EU lets Croatia into Schengen, but excludes Bulgaria and Romania

On Thursday, December 8, EU countries agreed that Croatia would join the Schengen area without a passport, but still ruled out Bulgaria and Romania, due to objections from Austria.

Vienna cited migration fears as the reason for preventing the two Eastern European countries from eventually joining the Schengen area.

“You deserve to be full members of Schengen, you deserve to have access to the free movement of the Schengen area, you have had strong support from almost all member states”, said the European affairs commissioner interiors, Ylva Johnasson, after the decision.

“I’m also disappointed,” Johansson added, saying she hoped Bulgaria and Romania would become Schengen members during the commission’s term that ends in 2024.

“As for the accession of Bulgaria and Romania, we are not united and that makes us very weak and makes me very sad,” she added.

“I am convinced that their [Bulgaria and Romania] the time will come soon,” Czech Interior Minister Vít Rakušan said.

Vienna argued that the number of illegal migrant arrivals passing through Romania and Bulgaria would have to drop for it to accept entry from the countries.

The decision to allow Member States to join the zone requires unanimity.

“I don’t understand Austria’s position on this,” German Interior Minister Nancy Faeser told reporters ahead of talks with other ministers.

“I know that Austria has big national debates on the issue,” she added, saying Germany supported the membership of the three countries.

The Netherlands, which previously opposed Romania’s Schengen application, has now approved it.
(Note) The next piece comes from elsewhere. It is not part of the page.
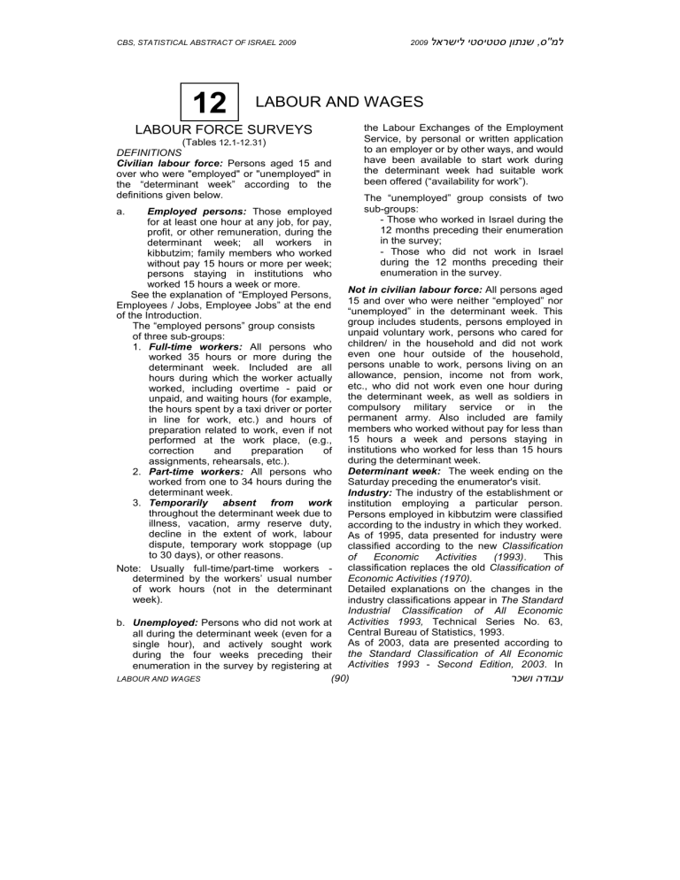 CBS, STATISTICAL ABSTRACT OF ISRAEL 2009 12 2009 שנתון סטטיסטי לישראל,למ''ס LABOUR AND WAGES the Labour Exchanges of the Employment Service, by personal or written application to an employer or by other ways, and would have been available to start work during the determinant week had suitable work been offered (“availability for work”). LABOUR FORCE SURVEYS (Tables 12.1-12.31) DEFINITIONS Civilian labour force: Persons aged 15 and over who were "employed" or "unemployed" in the “determinant week” according to the definitions given below. Employed persons: Those employed for at least one hour at any job, for pay, profit, or other remuneration, during the determinant week; all workers in kibbutzim; family members who worked without pay 15 hours or more per week; persons staying in institutions who worked 15 hours a week or more. See the explanation of “Employed Persons, Employees / Jobs, Employee Jobs” at the end of the Introduction. The “employed persons” group consists of three sub-groups: 1. Full-time workers: All persons who worked 35 hours or more during the determinant week. Included are all hours during which the worker actually worked, including overtime - paid or unpaid, and waiting hours (for example, the hours spent by a taxi driver or porter in line for work, etc.) and hours of preparation related to work, even if not performed at the work place, (e.g., correction and preparation of assignments, rehearsals, etc.). 2. Part-time workers: All persons who worked from one to 34 hours during the determinant week. 3. Temporarily absent from work throughout the determinant week due to illness, vacation, army reserve duty, decline in the extent of work, labour dispute, temporary work stoppage (up to 30 days), or other reasons. Note: Usually full-time/part-time workers determined by the workers’ usual number of work hours (not in the determinant week). The “unemployed” group consists of two sub-groups: - Those who worked in Israel during the 12 months preceding their enumeration in the survey; - Those who did not work in Israel during the 12 months preceding their enumeration in the survey. a. Not in civilian labour force: All persons aged 15 and over who were neither “employed” nor “unemployed” in the determinant week. This group includes students, persons employed in unpaid voluntary work, persons who cared for children/ in the household and did not work even one hour outside of the household, persons unable to work, persons living on an allowance, pension, income not from work, etc., who did not work even one hour during the determinant week, as well as soldiers in compulsory military service or in the permanent army. Also included are family members who worked without pay for less than 15 hours a week and persons staying in institutions who worked for less than 15 hours during the determinant week. Determinant week: The week ending on the Saturday preceding the enumerator's visit. Industry: The industry of the establishment or institution employing a particular person. Persons employed in kibbutzim were classified according to the industry in which they worked. As of 1995, data presented for industry were classified according to the new Classification of Economic Activities (1993). This classification replaces the old Classification of Economic Activities (1970). Detailed explanations on the changes in the industry classifications appear in The Standard Industrial Classification of All Economic Activities 1993, Technical Series No. 63, Central Bureau of Statistics, 1993. As of 2003, data are presented according to the Standard Classification of All Economic Activities 1993 - Second Edition, 2003. In b. Unemployed: Persons who did not work at all during the determinant week (even for a single hour), and actively sought work during the four weeks preceding their enumeration in the survey by registering at LABOUR AND WAGES )90( עבודה ושכר addition, it was found necessary to adjust some coding rules, especially in the case of establishments that engage in more than one activity. As a result, data were recoded. Occupation: Work carried out by a person at his work place, regardless of any trade he learned if he does not practice it. As of 1995, the data are presented by occupation according to the new Classification of Occupations (1994) which replaces the old Classification of Occupations (1972). Detailed explanations of the occupational classifications appear in The Standard Classification of Occupations 1994, Technical Series No. 64, Central Bureau of Statistics, 1994. Status at work: Classification by status at work distinguishes among the following groups of employed persons: Employees: Persons employed by another party in return for daily wages, monthly salary, piece-work or any other kind of remuneration. Employers: Persons employing other persons for payment or any other kind of remuneration, or business partners employing others or a farm owner employing paid farm hands. Self-employed: Persons working in their own business or farm, who do not employ others in return for payment or for other remuneration. Members of cooperatives: Members of cooperatives or cooperative societies who share financial profits in addition to their wages, including members of collective moshavim. Members of kibbutzim: Members of kibbutzim working on a kibbutz without pay (if they receive wages from the kibbutz or are employed outside of the kibbutz, they are considered as employees). Including: members, candidates for membership, relatives of members who live in kibbutzim on a permanent basis and training groups. Unpaid family members: persons who worked 15 hours or more in the determinant week in a family business, without payment or other compensation. Head of household: see definition in the Introduction to Chapter 5 - Households - LABOUR AND WAGES paragraph Economic and housing characteristics. Religion and Population group: The head of the

But he remains opposed to the entry of Bulgaria.

No data

On Wednesday, Romanian Prime Minister Nicolae Ciuca said his country had a legitimate expectation to join the open-border Schengen area and dismissed Austrian claims that it is a gateway for illegal migrants like unjustified.

“We all understand that the problem of illegal immigration is politically sensitive in many member states, but preventing Romania from joining Schengen will not give Austria the answers it wants,” Ciuca said.

Bulgarian Interior Minister Ivan Demerdzhiev said after the meeting that Austria and the Netherlands had not expressed any particular concerns about Schengen.

“Austria does not have clear data where these migrants come from,” he said, adding that according to Bulgarian and commission data, the migrants come mainly from Serbia.

Data from Frontex, the EU’s border agency, however, showed that illegal migrants mainly entered the bloc from the Western Balkans, not from Romania.

The European Commission said last month that Romania and Bulgaria, which have been members of the EU since 2007, meet all Schengen requirements. The European Parliament has also approved their inclusion in the zone.

The Schengen area currently includes 22 of the bloc’s 27 member countries as well as non-EU Switzerland, Norway, Liechtenstein and Iceland.